The Diagnostic Trajectory

Regenerative medicine is powerful, but it is not a magic wand that works for everyone. The success of Stem Cell Therapy depends 50% on the quality of the cells and 50% on the Selection of the Patient.

At Liv Hospital, we operate on a principle of “Radical Honesty.” We do not offer stem cell therapy to patients whose conditions are too advanced to respond, or whose underlying health would prevent the cells from working. Before a single cell is harvested, you undergo a comprehensive “Regenerative Potential” Assessment.
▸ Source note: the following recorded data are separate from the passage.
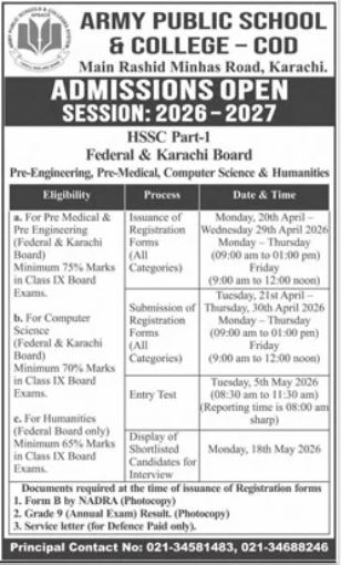 Army Public School & College COD Karachi has announced admissions for the academic session 2026–2027. Applications are invited for HSSC Part-I in multiple disciplines under both Federal Board and Karachi Board.
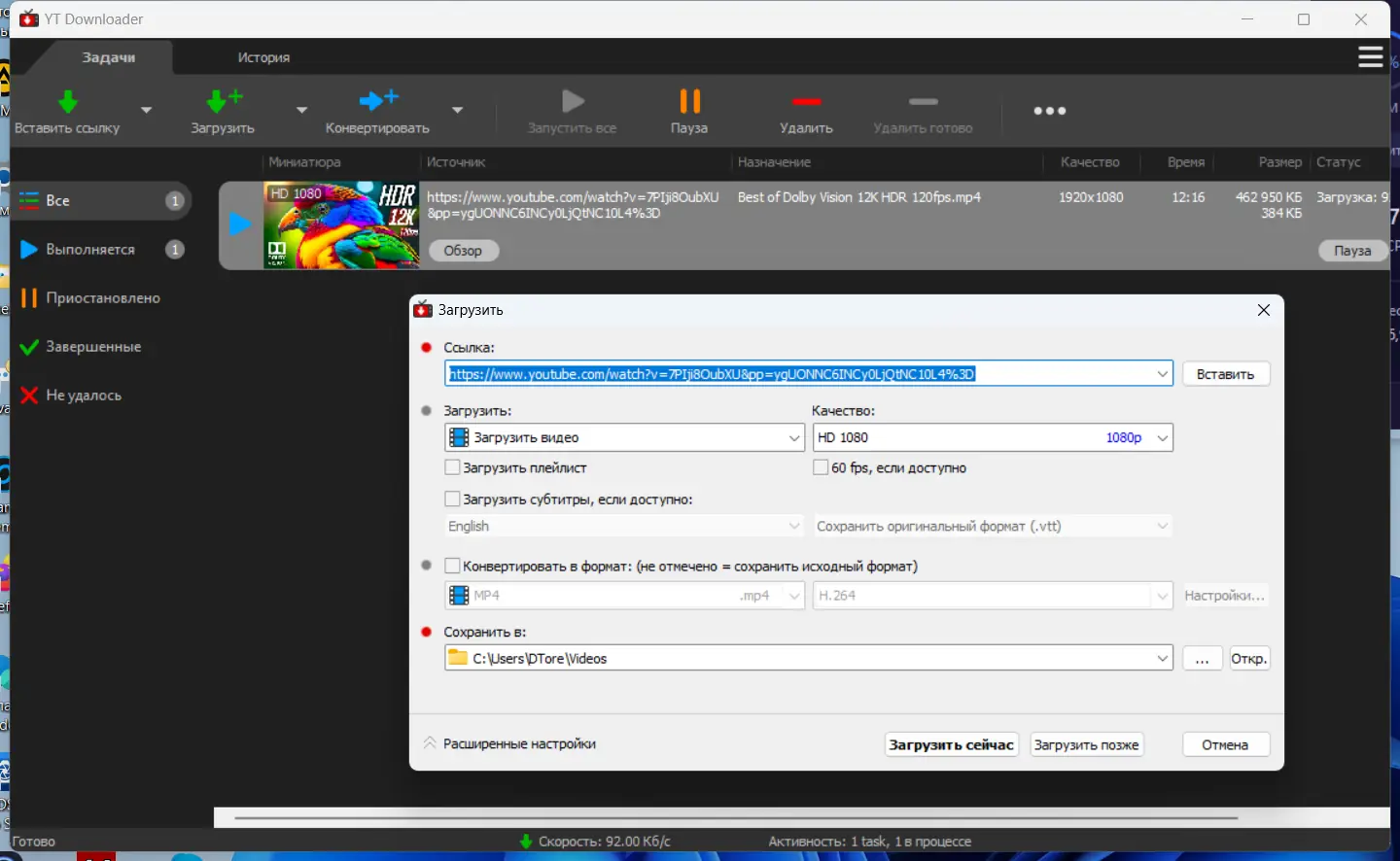Работа с YT Downloader
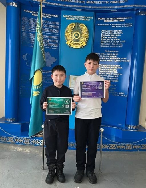 В рамках Декады казахского и русского языков учащиеся 6 «В» класса Сулейменов Султан и Беккожин Дидар приняли участие в республиканской олимпиаде «Ақбота».
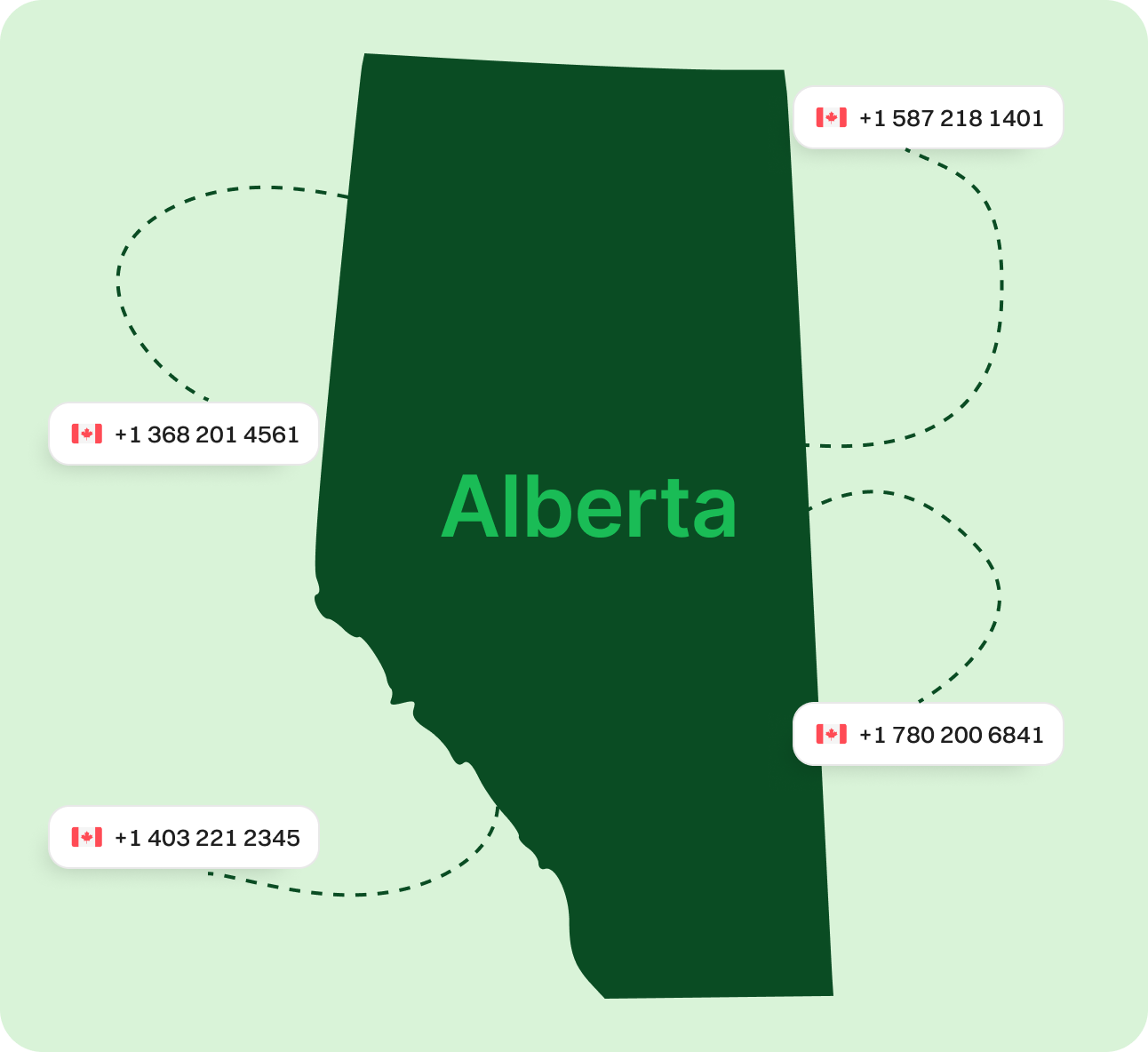 Get an Alberta Virtual Phone Number Today! Secure an Alberta virtual phone number to build a strong local identity and boost customer confidence. Cut down on long-distance charges, streamline your communications, and stay accessible from anywhere—no physical office in Alberta required. Sign upRequest a Demo Endorsed by top industry leaders Trusted by industry experts for excellence and innovation. What is an Alberta Phone Number? An Alberta virtual phone number uses cloud technology to transmit calls over the Internet rather than traditional phone lines. When someone calls your Alberta number, their voice is digitized, sent through the web, and reassembled in real time—delivering smooth, reliable conversations. This modern solution helps businesses handle calls efficiently while enhancing customer experience. Alberta virtual phone numbers eliminate the need for legacy phone hardware and work seamlessly on apps, computers, or dedicated VoIP devices. How Does an Alberta Virtual Phone Number Work? Alberta virtual phone numbers operate through internet-based systems to process calls. When someone dials your number, their voice is converted into data packets, transmitted online, and turned back into audio at the other end. This digital process ensures clear, real-time communication—without the limits of standard phone lines. With this setup, your business can manage calls more flexibly while projecting a professional Alberta presence. Use your Alberta number on mobile apps, VoIP phones, or desktop platforms—no bulky equipment needed. How to Make the Most of Alberta Phone Numbers Make & Receive Calls Send & Receive Texts Keep Work & Personal Separate Establish Local Presence Boost Marketing Efforts Make & Receive Calls Handle customer calls with a local Alberta number to enhance your local appeal. Get Started Send & Receive Texts Communicate via SMS with clients across Alberta for quick, convenient updates. Get Started Keep Work & Personal Separate Use your Alberta number exclusively for business to maintain privacy. Get Started Establish Local Presence Build trust with Alberta customers using a familiar area code, even remotely. Get Started Boost Marketing Efforts Alberta numbers give your campaigns a local edge, increasing response rates. Get Started Specific Area Codes for Alberta Area Code Area Served 368 Newest overlay serving all of Alberta 403 Southern Alberta, including Calgary 587 Province-wide overlay, including Calgary & Edmonton 780 Northern Alberta, including Edmonton 825 Province-wide overlay Why Choose Dialaxy for an Alberta Virtual Phone Number? Flexible Plan Options Multiple pricing tiers tailored to your business or personal needs. Select only the features you require. Quick Setup Process Get started in minutes with a straightforward setup—no hardware or technical expertise necessary. Scalable for Growth Easily add more Alberta numbers as your business expands, ensuring you stay connected. 24/7 Customer Assistance Round-the-clock support for technical issues or general queries—so you’re never left waiting. Advanced Call Tools Access features like voicemail-to-email, call routing, and analytics to boost productivity. Budget-Friendly Pricing Enjoy top-tier service at a competitive price point, with no hidden fees. How to Get an Alberta Number for Your Business Step 1 Create an Account Sign up on the virtual phone number provider’s website using your email or preferred credentials. Step 2 Navigate to "Add New Number" Access your dashboard and select the “Add New Number” option. Step 3 Choose Canada and Select Alberta Select Canada as your country, then pick Alberta and your desired area code. Step 4 Pick Your Alberta Number Browse available Alberta numbers and choose the one that fits your needs. Step 5 Make Payment and Verify Details Complete your purchase and confirm your account information. Step 6 Activate and Start Using Your Number Once activated, your Alberta virtual number is ready for immediate use. Explore More Provinces British Columbia Manitoba New Brunswick Newfoundland Northwest Territories Nova Scotia Nunavut Ontario Prince Edward Island Quebec Saskatchewan Yukon View all Frequently Asked Questions What is an Alberta virtual phone number?It’s a cloud-based virtual number with an Alberta area code, allowing you to make and receive calls online rather than through traditional phone lines. Can I pick a specific Alberta area code?Yes. When registering with Dialaxy, you can choose from available area codes like 403, 587, 780, 825, or 368. Do I have to be in Alberta to use the number?No, you can use your Alberta virtual phone number from anywhere with an internet connection. How much does an Alberta VoIP number cost?Pricing depends on features and the provider. Dialaxy offers affordable plans with no hidden fees. Can I text from my Alberta VoIP number?Yes, most Alberta virtual numbers support SMS for easy customer communication. Is number porting available?Absolutely. You can transfer your existing Alberta number to Dialaxy without hassle.
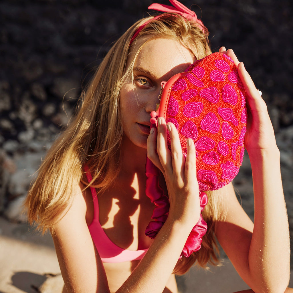 ARNOLDI PEACHPUFF Hand-beaded Clutch, in Papaya & Peach
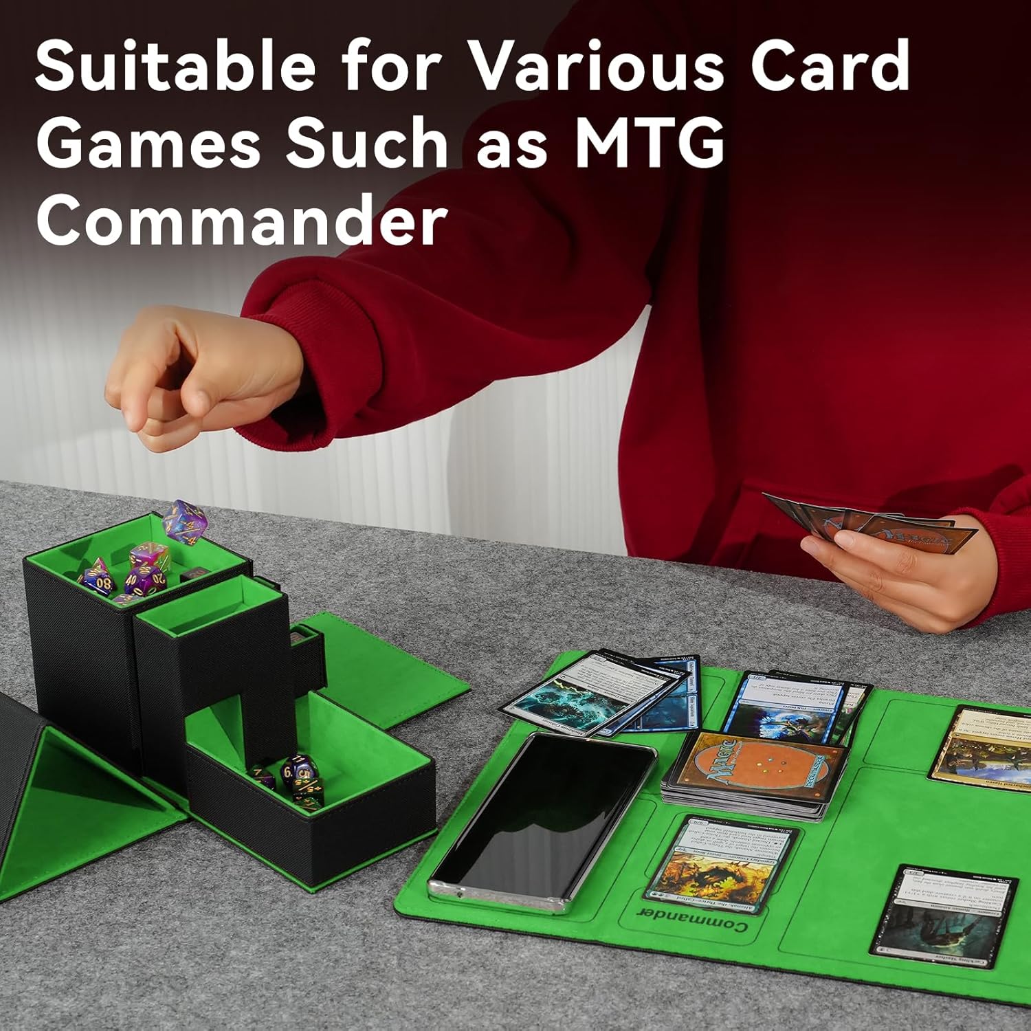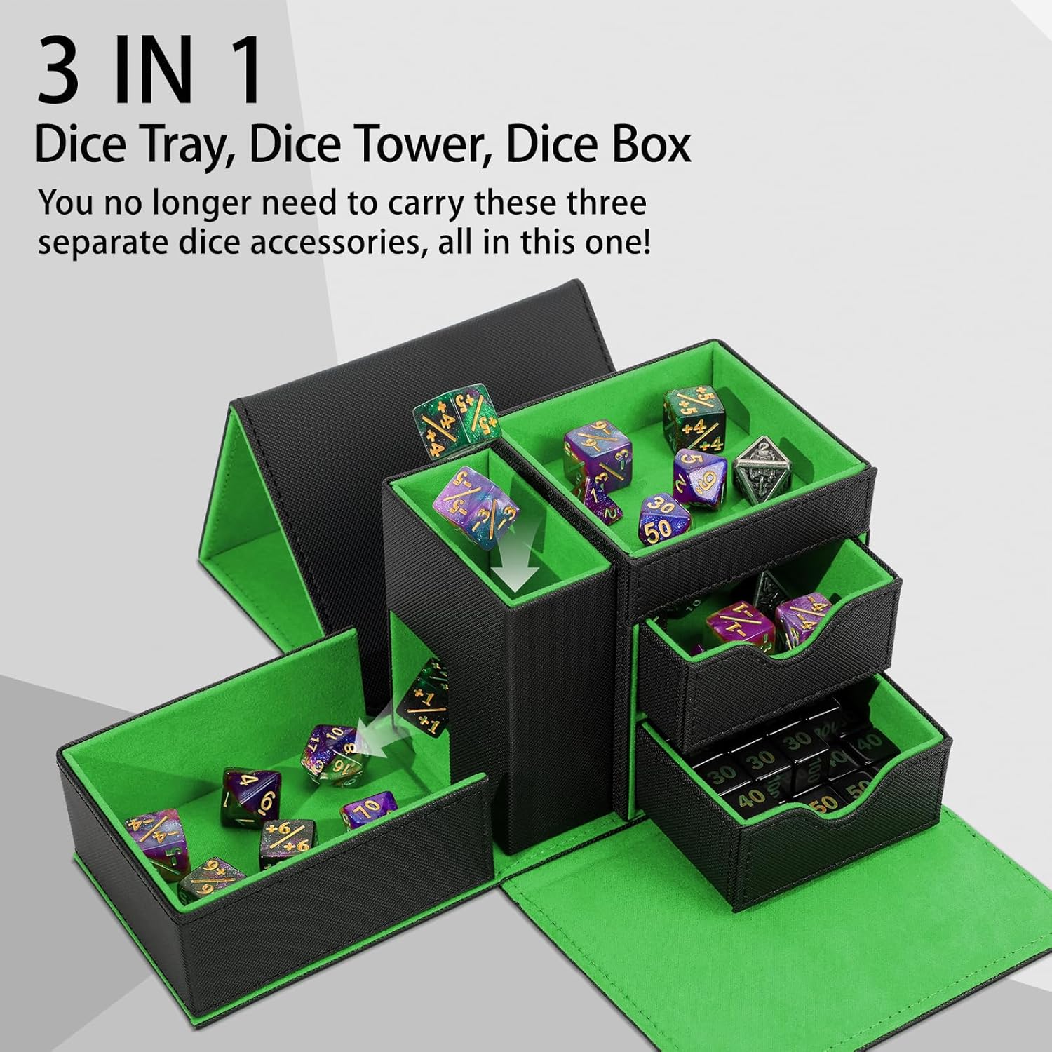 Dice Tower & Tray Storage Box, 3 in 1 Dice Holder Case (Rolling Tower Dice Storage Drawers, Rolling Tray), Leather Magnetic Closure DND Accessories Gifts for RPG MTG, Black/Green

This diagnostic phase is designed to answer three critical questions:

  1. Is the tissue alive enough to be saved? (e.g., Is there any cartilage left to regrow?)
  2. Is your body healthy enough to support repair? (e.g., Is your inflammation too high?)
  3. What is the correct dose? (Do you need 20 million cells or 100 million?)

By using advanced imaging, functional testing, and biomarkers, we create a personalized roadmap. If we believe standard surgery (like a knee replacement) would give you a better result, we will tell you. We measure our success by your outcome, not by the number of procedures we perform.

Orthopedic Evaluation

For joint pain, an X-ray is often insufficient. It shows bones, but it misses the soft tissues—cartilage, meniscus, and ligaments—that stem cells target.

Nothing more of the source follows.